──────── Materials provided ────────

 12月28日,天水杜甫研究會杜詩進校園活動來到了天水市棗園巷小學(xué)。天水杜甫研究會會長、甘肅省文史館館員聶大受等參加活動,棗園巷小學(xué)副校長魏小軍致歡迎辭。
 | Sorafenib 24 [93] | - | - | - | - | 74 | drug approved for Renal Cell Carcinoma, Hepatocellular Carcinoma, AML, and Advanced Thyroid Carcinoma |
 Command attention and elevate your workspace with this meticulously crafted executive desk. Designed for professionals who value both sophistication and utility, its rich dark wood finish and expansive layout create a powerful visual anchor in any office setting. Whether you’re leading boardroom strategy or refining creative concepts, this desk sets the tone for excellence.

────────
──────── Materials provided ────────

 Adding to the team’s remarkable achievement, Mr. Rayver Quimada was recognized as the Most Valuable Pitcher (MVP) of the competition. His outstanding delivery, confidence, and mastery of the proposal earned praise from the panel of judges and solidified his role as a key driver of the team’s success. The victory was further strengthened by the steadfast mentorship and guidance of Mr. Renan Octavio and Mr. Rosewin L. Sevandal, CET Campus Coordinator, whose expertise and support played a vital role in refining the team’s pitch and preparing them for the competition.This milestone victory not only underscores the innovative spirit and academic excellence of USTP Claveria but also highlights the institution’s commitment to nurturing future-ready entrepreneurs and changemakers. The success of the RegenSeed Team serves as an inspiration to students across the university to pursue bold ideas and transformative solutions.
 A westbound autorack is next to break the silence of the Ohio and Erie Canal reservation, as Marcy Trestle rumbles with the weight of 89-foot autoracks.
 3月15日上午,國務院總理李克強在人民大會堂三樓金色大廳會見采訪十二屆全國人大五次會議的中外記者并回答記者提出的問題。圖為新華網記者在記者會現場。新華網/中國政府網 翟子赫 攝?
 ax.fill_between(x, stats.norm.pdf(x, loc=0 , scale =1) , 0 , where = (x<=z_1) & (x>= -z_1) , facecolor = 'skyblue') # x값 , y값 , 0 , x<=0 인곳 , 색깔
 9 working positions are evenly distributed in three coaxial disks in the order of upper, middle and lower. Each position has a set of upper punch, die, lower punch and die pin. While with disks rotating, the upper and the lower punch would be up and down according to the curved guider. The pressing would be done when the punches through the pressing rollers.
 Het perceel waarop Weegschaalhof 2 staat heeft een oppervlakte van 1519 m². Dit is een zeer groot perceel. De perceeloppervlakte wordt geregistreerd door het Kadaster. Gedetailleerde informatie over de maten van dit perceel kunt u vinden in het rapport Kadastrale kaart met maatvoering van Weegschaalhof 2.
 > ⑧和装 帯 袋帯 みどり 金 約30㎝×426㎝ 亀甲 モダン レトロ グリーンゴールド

────────
──────── Materials provided ────────

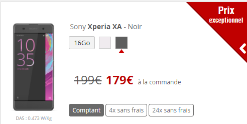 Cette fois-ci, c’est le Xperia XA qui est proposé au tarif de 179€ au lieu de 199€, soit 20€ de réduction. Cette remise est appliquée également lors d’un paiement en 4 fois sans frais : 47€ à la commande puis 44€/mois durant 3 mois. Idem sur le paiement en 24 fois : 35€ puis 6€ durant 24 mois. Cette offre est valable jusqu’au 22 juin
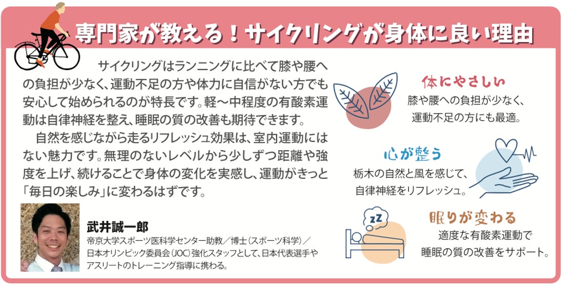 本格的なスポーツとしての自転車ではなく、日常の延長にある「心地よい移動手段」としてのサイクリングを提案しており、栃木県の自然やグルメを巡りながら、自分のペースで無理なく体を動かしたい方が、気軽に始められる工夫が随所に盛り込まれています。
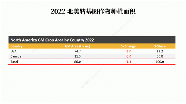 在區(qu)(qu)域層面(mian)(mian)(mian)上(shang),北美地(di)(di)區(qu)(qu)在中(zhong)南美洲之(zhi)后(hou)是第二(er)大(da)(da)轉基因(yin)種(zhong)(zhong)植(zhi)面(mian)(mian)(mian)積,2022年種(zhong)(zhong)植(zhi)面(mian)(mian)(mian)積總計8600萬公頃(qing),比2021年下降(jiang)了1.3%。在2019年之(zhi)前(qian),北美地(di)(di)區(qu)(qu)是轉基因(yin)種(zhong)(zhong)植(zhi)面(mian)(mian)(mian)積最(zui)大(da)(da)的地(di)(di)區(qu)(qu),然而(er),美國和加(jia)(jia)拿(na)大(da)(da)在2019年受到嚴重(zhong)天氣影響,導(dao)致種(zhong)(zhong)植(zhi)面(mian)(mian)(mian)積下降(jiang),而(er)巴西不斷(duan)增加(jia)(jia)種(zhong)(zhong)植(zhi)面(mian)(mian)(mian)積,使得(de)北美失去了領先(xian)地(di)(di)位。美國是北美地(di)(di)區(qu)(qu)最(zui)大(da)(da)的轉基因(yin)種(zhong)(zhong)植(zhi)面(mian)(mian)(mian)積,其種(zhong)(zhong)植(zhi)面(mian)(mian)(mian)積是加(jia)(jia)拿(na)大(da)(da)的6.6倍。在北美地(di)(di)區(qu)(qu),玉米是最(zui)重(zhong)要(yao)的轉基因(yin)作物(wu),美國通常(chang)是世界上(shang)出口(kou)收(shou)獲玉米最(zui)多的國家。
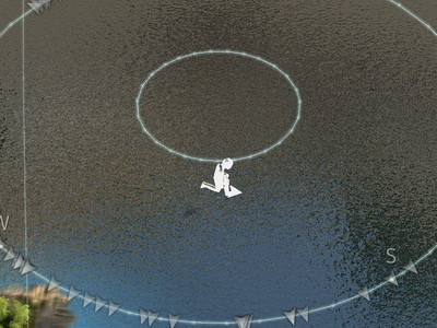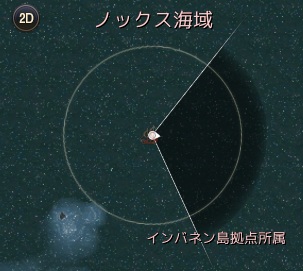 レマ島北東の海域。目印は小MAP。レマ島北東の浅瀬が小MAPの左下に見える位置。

────────

To answer, count the lines of the material that contain "with" and give only that number.

3